**The task**:
Repeat the records exactly as given. Do not include the pictures.

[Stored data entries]
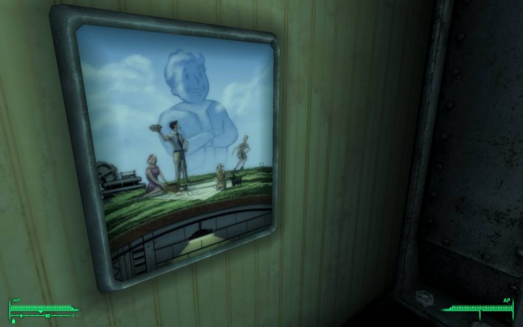 Et pour nous accompagner dans cette aventure, et en dehors des compagnons que l’on peut rencontrer, on peut compter sur une bande-son qui se prête à merveille avec l’univers du jeu. Elle renforce le côté immersif de certains lieux ou la grandeur des espaces en extérieurs, accentuant agréablement cette notion d’aventure et d’exploration. Et pour ceux qui voudraient quelque chose de plus distrayant, on peut compter sur deux radios, celle de l’Enclave avec ses musiques patriotiques et les messages du « Président des États-Unis » et GNR (Galaxy News Radio) et ses morceaux ressemblant à de vieux tubes des années 50 accompagnées des commentaires de Three Dogs qui relateront régulièrement nos aventures et leurs conséquences. Dépaysant et agréable.
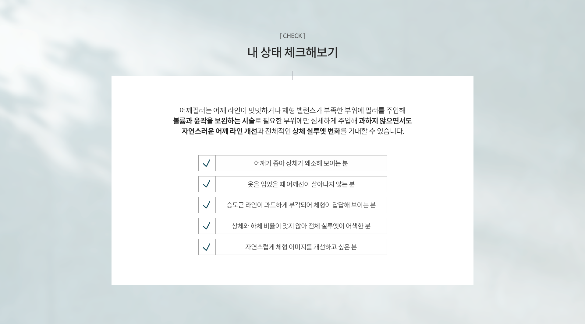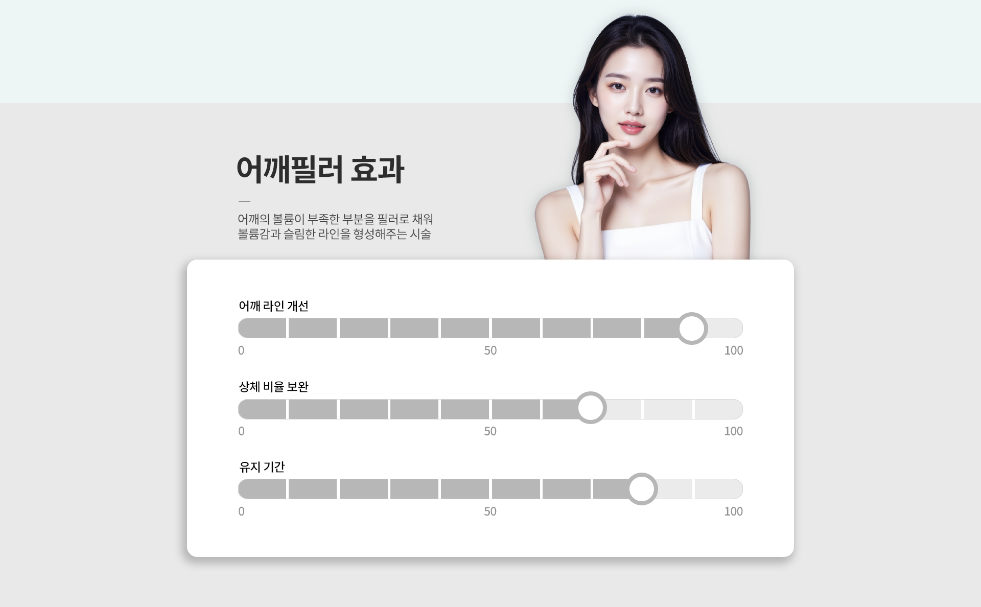 어깨필러는 어깨 윤곽을 정리하고 볼륨을 보완해 더 또렷한 어깨라인을 만들어주는 시술입니다.
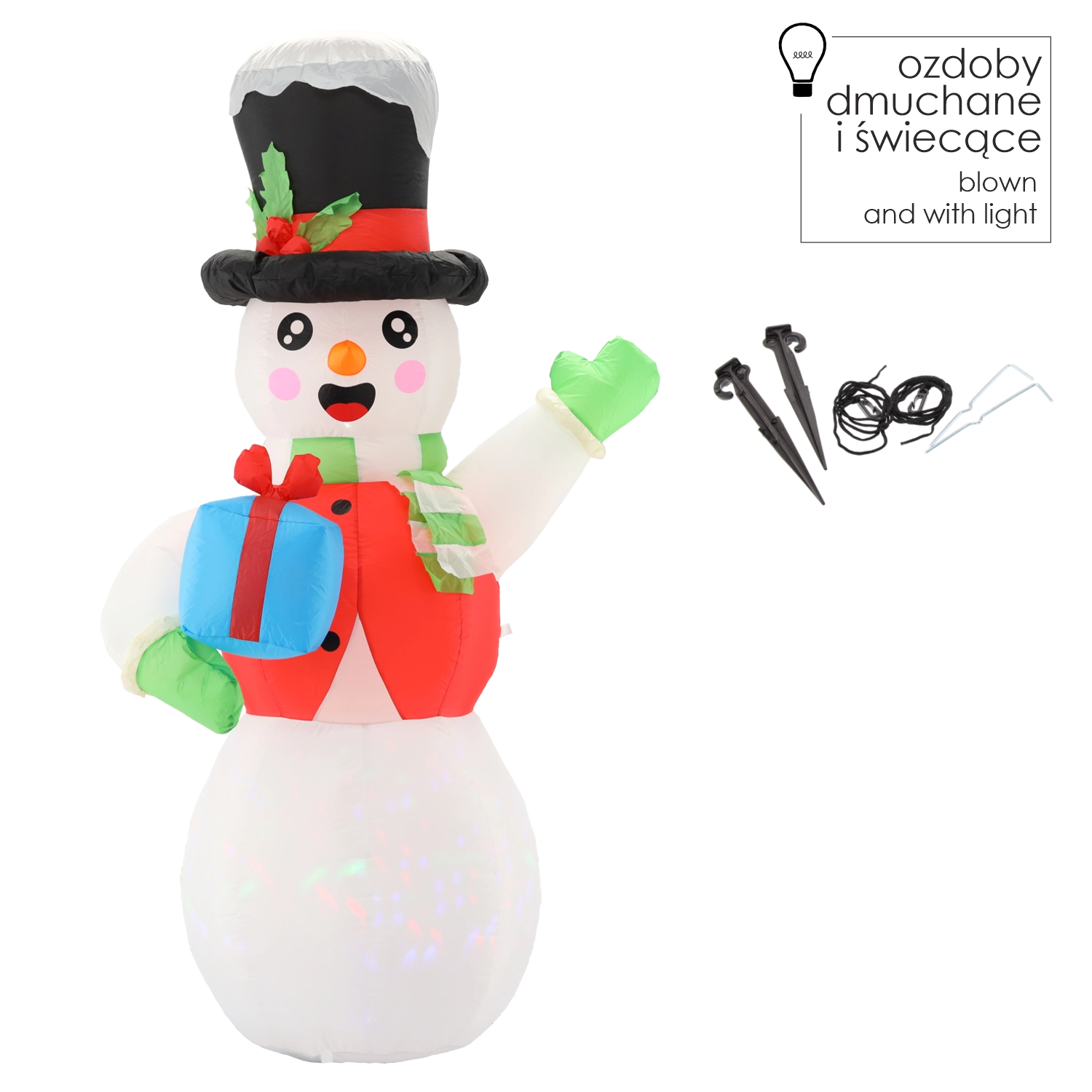 Éblouissez voisins et passants avec une décoration de Noël spectaculaire qui se gonfle toute seule en un instant et s’illumine. Le grand bonhomme de neige avec chapeau noir, écharpe et cadeau à la main offre des effets lumineux féeriques grâce à la combinaison d’une LED blanche et d’un éclairage multicolore rotatif.
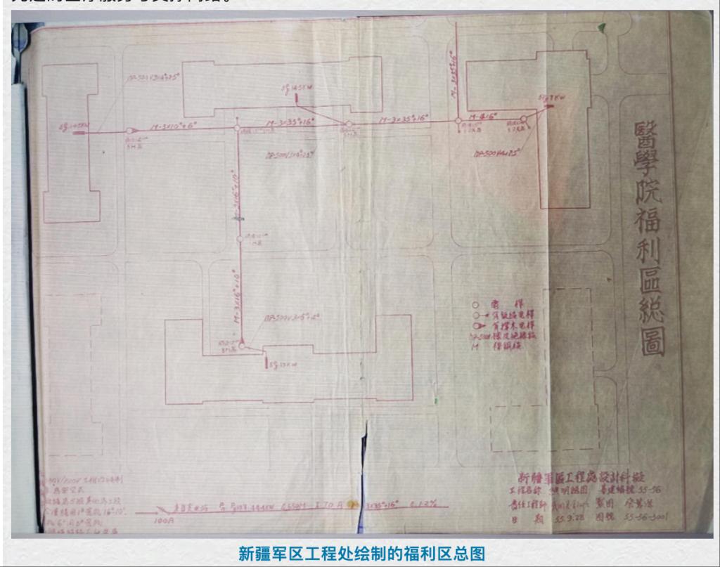 今天,在beat365中文在线官网的档案室里,依然珍藏着一份特殊的历史见证——新疆医学院初创时期的部分设计图纸。
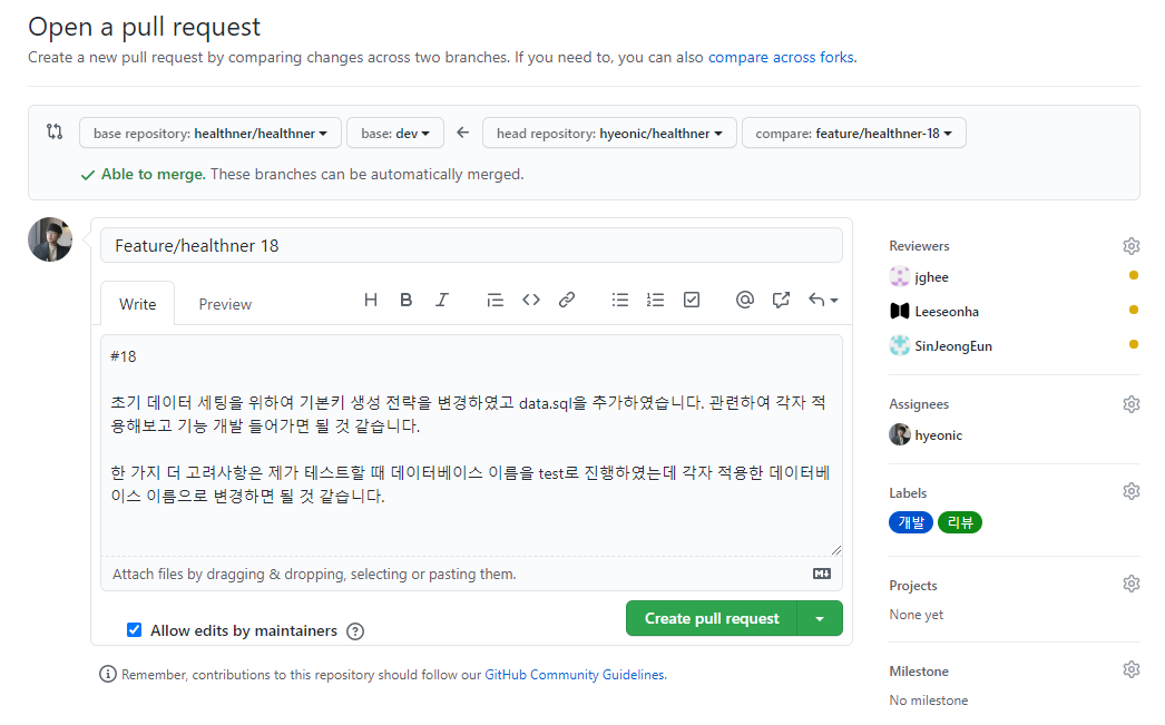 feature/{repository 이름}-18 브랜치를 dev에 merge하기 위한 pull request를 진행하는 예시이다. 작성한 코드를 리뷰해줄 팀원들을 선택하고, commit한 코드의 내용을 간단히 요약하여 작성한다.
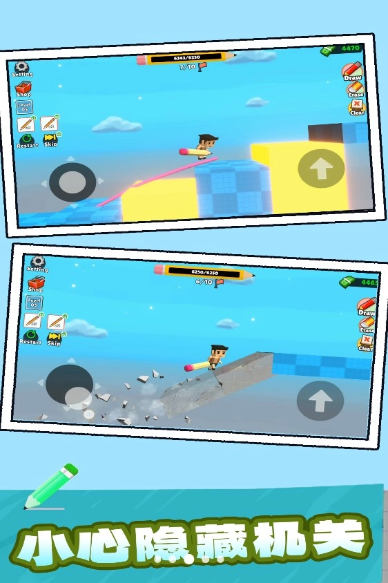 《划线火柴人》是一款极具创意的游戏,玩家需通过画线引导角色展开跑酷冒险。你可以自由绘制各类线条与图案,为角色铺就通往终点的路径,同时巧妙避开障碍物与陷阱。游戏内设有多样化的关卡设计与挑战,玩家需灵活应对,探寻最佳跑酷路线,借由富有创意的画线方式展现跑酷技能,尽情享受涂鸦风格的视觉盛宴,挑战高分,畅快奔跑。
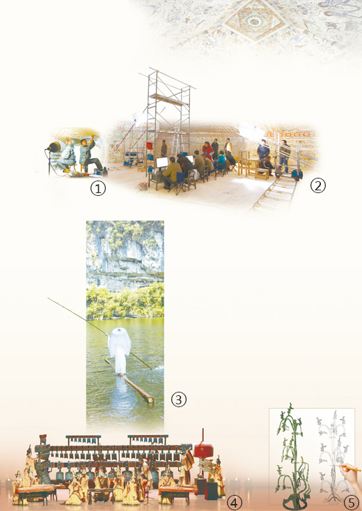 ①② Team members from the Dunhuang Academy repair murals and collect digital data at a cave inside the Mogao Grottoes in Dunhuang city, northwest China’s Gansu Province. (Photo courtesy of Dunhuang Academy)

**Exercise solution**:
 Et pour nous accompagner dans cette aventure, et en dehors des compagnons que l’on peut rencontrer, on peut compter sur une bande-son qui se prête à merveille avec l’univers du jeu. Elle renforce le côté immersif de certains lieux ou la grandeur des espaces en extérieurs, accentuant agréablement cette notion d’aventure et d’exploration. Et pour ceux qui voudraient quelque chose de plus distrayant, on peut compter sur deux radios, celle de l’Enclave avec ses musiques patriotiques et les messages du « Président des États-Unis » et GNR (Galaxy News Radio) et ses morceaux ressemblant à de vieux tubes des années 50 accompagnées des commentaires de Three Dogs qui relateront régulièrement nos aventures et leurs conséquences. Dépaysant et agréable.
 어깨필러는 어깨 윤곽을 정리하고 볼륨을 보완해 더 또렷한 어깨라인을 만들어주는 시술입니다.
 Éblouissez voisins et passants avec une décoration de Noël spectaculaire qui se gonfle toute seule en un instant et s’illumine. Le grand bonhomme de neige avec chapeau noir, écharpe et cadeau à la main offre des effets lumineux féeriques grâce à la combinaison d’une LED blanche et d’un éclairage multicolore rotatif.
 今天,在beat365中文在线官网的档案室里,依然珍藏着一份特殊的历史见证——新疆医学院初创时期的部分设计图纸。
 feature/{repository 이름}-18 브랜치를 dev에 merge하기 위한 pull request를 진행하는 예시이다. 작성한 코드를 리뷰해줄 팀원들을 선택하고, commit한 코드의 내용을 간단히 요약하여 작성한다.
 《划线火柴人》是一款极具创意的游戏,玩家需通过画线引导角色展开跑酷冒险。你可以自由绘制各类线条与图案,为角色铺就通往终点的路径,同时巧妙避开障碍物与陷阱。游戏内设有多样化的关卡设计与挑战,玩家需灵活应对,探寻最佳跑酷路线,借由富有创意的画线方式展现跑酷技能,尽情享受涂鸦风格的视觉盛宴,挑战高分,畅快奔跑。
 ①② Team members from the Dunhuang Academy repair murals and collect digital data at a cave inside the Mogao Grottoes in Dunhuang city, northwest China’s Gansu Province. (Photo courtesy of Dunhuang Academy)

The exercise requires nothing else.